2.2.1. Attachment Styles

A questionnaire of adult attachment styles (Lenghart and Čerešník, 2022a) was used to determine attachment styles. The questionnaire is based on the reactions to providing a comprehensive psychological picture in the context of experiencing individual attachment styles. It is a self-assessment questionnaire consisting of 20 items with 7 Likert-scale response options ranging from “Does not describe me at all” (-3) to “Completely describes me” (3). Secure attachment style is determined using five items (e.g., “I can overcome new challenges and gain experience from them.”). Five items are used to determine avoidant attachment style (e.g. “I am at my best when I do everything myself/alone.”), five items are used for anxious attachment style (e.g. “I experience conflicts intensely and even when they are over, I am still in discomfort.”), and five items are used to determine disorganised attachment style (e.g., “Disappointment and confusion usually prevail in my experience.”).

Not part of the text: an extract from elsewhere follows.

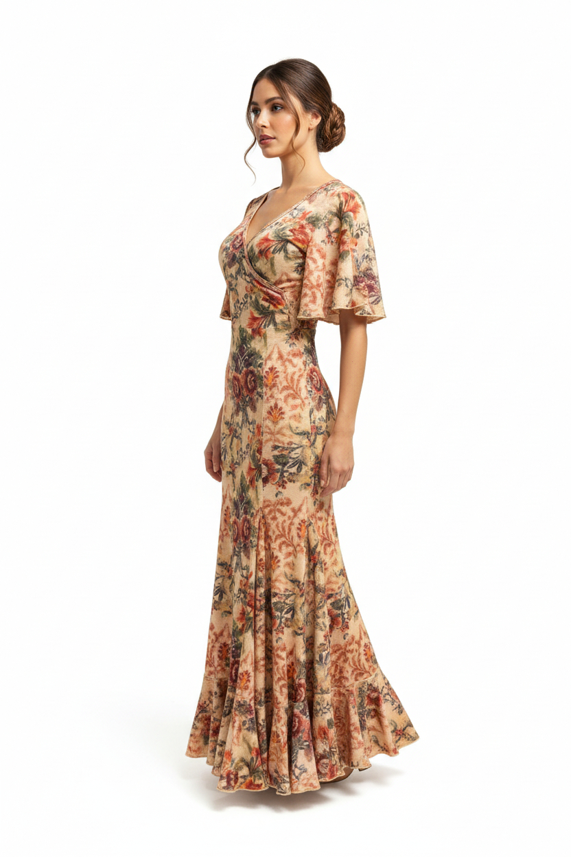 Long dress with crossover front neckline. Flared set-in sleeves. Godets on the sides and sides. Ruffles all around the hem.

The internal consistency of the sub-scales ranges from .64 to .81. Questionnaire items were constructed based on research findings in attachment and attachment styles (e.g., Mikulincer and Horesh, 1999; Mikulincer and Shaver, 2007). The inter-correlations between these subscales range between r = -.539 to r = .828, p < .001.

Table 1. Descriptive characteristics of the research sample.
Variable n %
Place of Residence - -
Rural 380 38.0
City 620 62.0
Sex - -
Men 516 51.6
Women 484 48.4
Education - -
Primary 39 3.9
High school without matriculation 25 2.5
High school with matriculation 443 44.3
Undergraduate 190 19.0
Graduate 262 26.2
Postgraduate 33 3.3
Higher vocational 8 0.8
Status - -
Employed 527 52.7
Unemployed 41 4.1
Student 410 41.0
Parental leave 21 2.1
Retired 1 0.1

2.2.2. Prosocial Tendencies towards the LGBTQIA+ Community

A scale of prosocial tendencies towards the LGBTQIA+ community (Lenghart and Čerešník, 2022c) was used to measure six public prosocial tendencies toward the LGBTQIA+ community. It is a part of the above-mentioned scale, which measures the area of digital prosociality in addition to public prosociality. Six items were used to capture the extent to which participants would: 1) support adoption by same-sex couples, 2) provide moral support to an LGBTQIA+ friend, 3) experience shared joy at the coming-out or transition of an LGBTQIA+ friend, 4) support LGBTQIA+ rights publicly at a pride parade, 5) intervene in obvious discrimination, and 6) support LGBTQIA+ artists (e.g. at concerts, etc.). Participants were asked to indicate how they would act in each situation on a 4-point Likert scale from 1 (never) to 4 (almost always). When averaging the scores for each domain, the overall internal consistency of the public prosocial tendencies was .88. The inter-correlations between items ranged between r =.468 to r = .616, p < .001.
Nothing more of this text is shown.